Wednesday, 27 Aug 2014 05:13 PM By Sylvia Booth Hubbard

Americans were shocked and saddened when Robin Williams committed suicide following a long history of depression. Another shock followed; the beloved comic was fighting Parkinson’s disease, a devastating condition that causes tremors and problems walking.
There is no cure for Parkinson’s, but a common spice — cinnamon — may be able to help stop its progression.
Cinnamon has been used for flavoring everything from toothpaste to herbal teas— including mom’s apple pie — and it has been a staple in traditional Chinese medicine for centuries to help improve circulation and digestion. Modern studies are finding even more uses for the versatile spice, including putting the brakes on Parkinson’s disease.
According to studies, cinnamon’s healthy effects may be due to its ability to reduce inflammation and to have antioxidant effects, or that it may fight bacteria. Below are studies that show some of the conditions cinnamon can help combat:
• Parkinson’s disease. A study at Rush Medical Center suggests that cinnamon can reverse changes in the brain seen in Parkinson’s patients. Researchers found that when cinnamon was consumed, it was metabolized into sodium benzoate, which reversed biochemical, cellular, and anatomical changes in the brain. Mice that were fed the spice showed better brain function and motor skills, which are often affected in Parkinson’s patients. “This could potentially be one of the safest approaches to halt disease progression in Parkinson’s patients,” said Floyd A. Davis, professor of neurology at Rush University.

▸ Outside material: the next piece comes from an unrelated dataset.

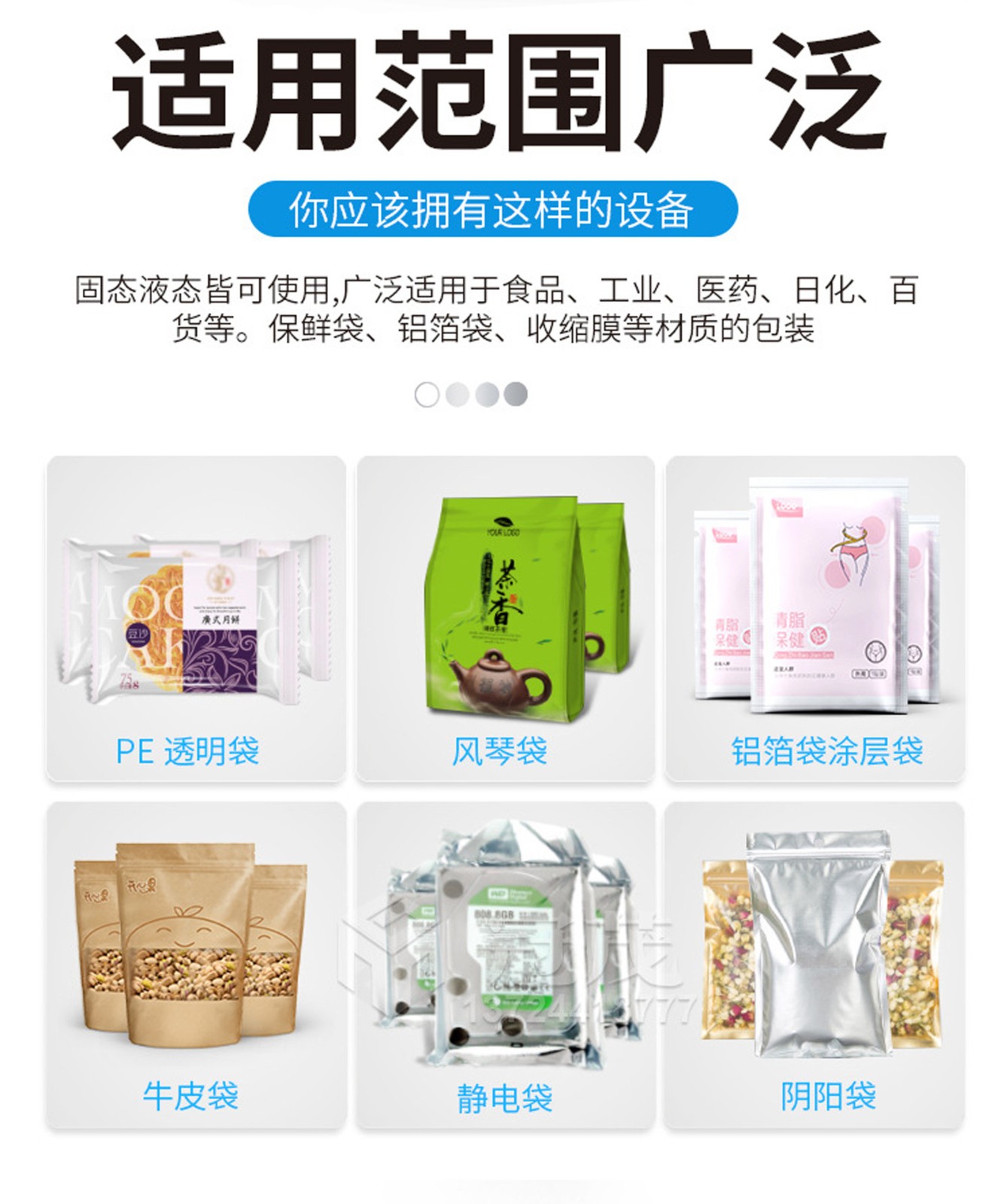 主要用于對塑料杯、塑料盒以及塑料瓶的填料,相應材料復合膜封口制品的生產。如果凍、果汁、牛奶、酸奶、飲料、快餐食品等物料的填充及封口。可適應于不同粘度的液、漿的充填物,可適應不同形狀,容量的包裝容器。

• Diabetes. Numerous studies show that cinnamon is a safe, effective way to reduce blood sugar levels. A study published in Diabetes Care found that consuming cinnamon over a 40-day period reduced blood glucose levels up to 29 percent. Participants were given amounts of 1, 3, or 6 grams a day, and all doses were equally effective at reducing glucose levels. A study conducted at Ball State published in the Journal of the Academy of Nutrition and Dietetics found that when healthy adults — those of average weight as well as those who were obese — ate a breakfast cereal with 6 grams of cinnamon added, their blood sugar levels dropped by 25 percent during the following two hours. “As health care in the United States becomes more expensive, cinnamon may offer a low cost approach to modifying blood glucose,” said Ball State researcher Jo Carol Chezem. In addition, a meta-analysis of 10 randomized controlled studies found that cinnamon reduced blood glucose better than the drug Januvia (sitagliptin).
Numerous test tube and animal studies show that cinnamon stimulates insulin receptors while inhibiting an enzyme that turns receptors off, resulting in a significant increase in cells’ ability to use glucose.
• High cholesterol. A clinical trial of patients with Type 2 diabetes found that consuming up to 6 grams of cinnamon daily reduced  triglycerides by up to 30 percent, LDL (bad) cholesterol by up to 27 percent, and total cholesterol by up to 26 percent. A study from Penn State University found that adding spices, such as cinnamon, to a high-fat meal reduced the body’s negative responses to such meals by about 30 percent when compared to a similar meal without spices.
• Brain damage. Researchers from Tel Aviv University found that an extract in cinnamon bark called CEppt inhibits the development of Alzheimer’s disease. A study presented at a meeting of the Association for Chemoreception found that simply smelling cinnamon boosted several areas in the brain involved in everything from memory to attention and focus. A study by scientists at the Agricultural Research Service found that cinnamon extract might protect brain cells after stroke or traumatic brain injury.
• Multiple sclerosis. The cause of multiple sclerosis is still unclear, but studies show that sodium benzoate, a component of cinnamon, can lower clinical symptoms by more than 70 percent by tamping down pro-inflammatory molecules in brain cells. In animal models, according to studies published in the Journal of Immunology, sodium benzoate mixed into drinking water completely inhibited MS. Researchers at Rush University found that cinnamon has anti-inflammatory properties that appear to inhibit the autoimmune reactions that attack and destroy the myelin sheath that protects nerve cells.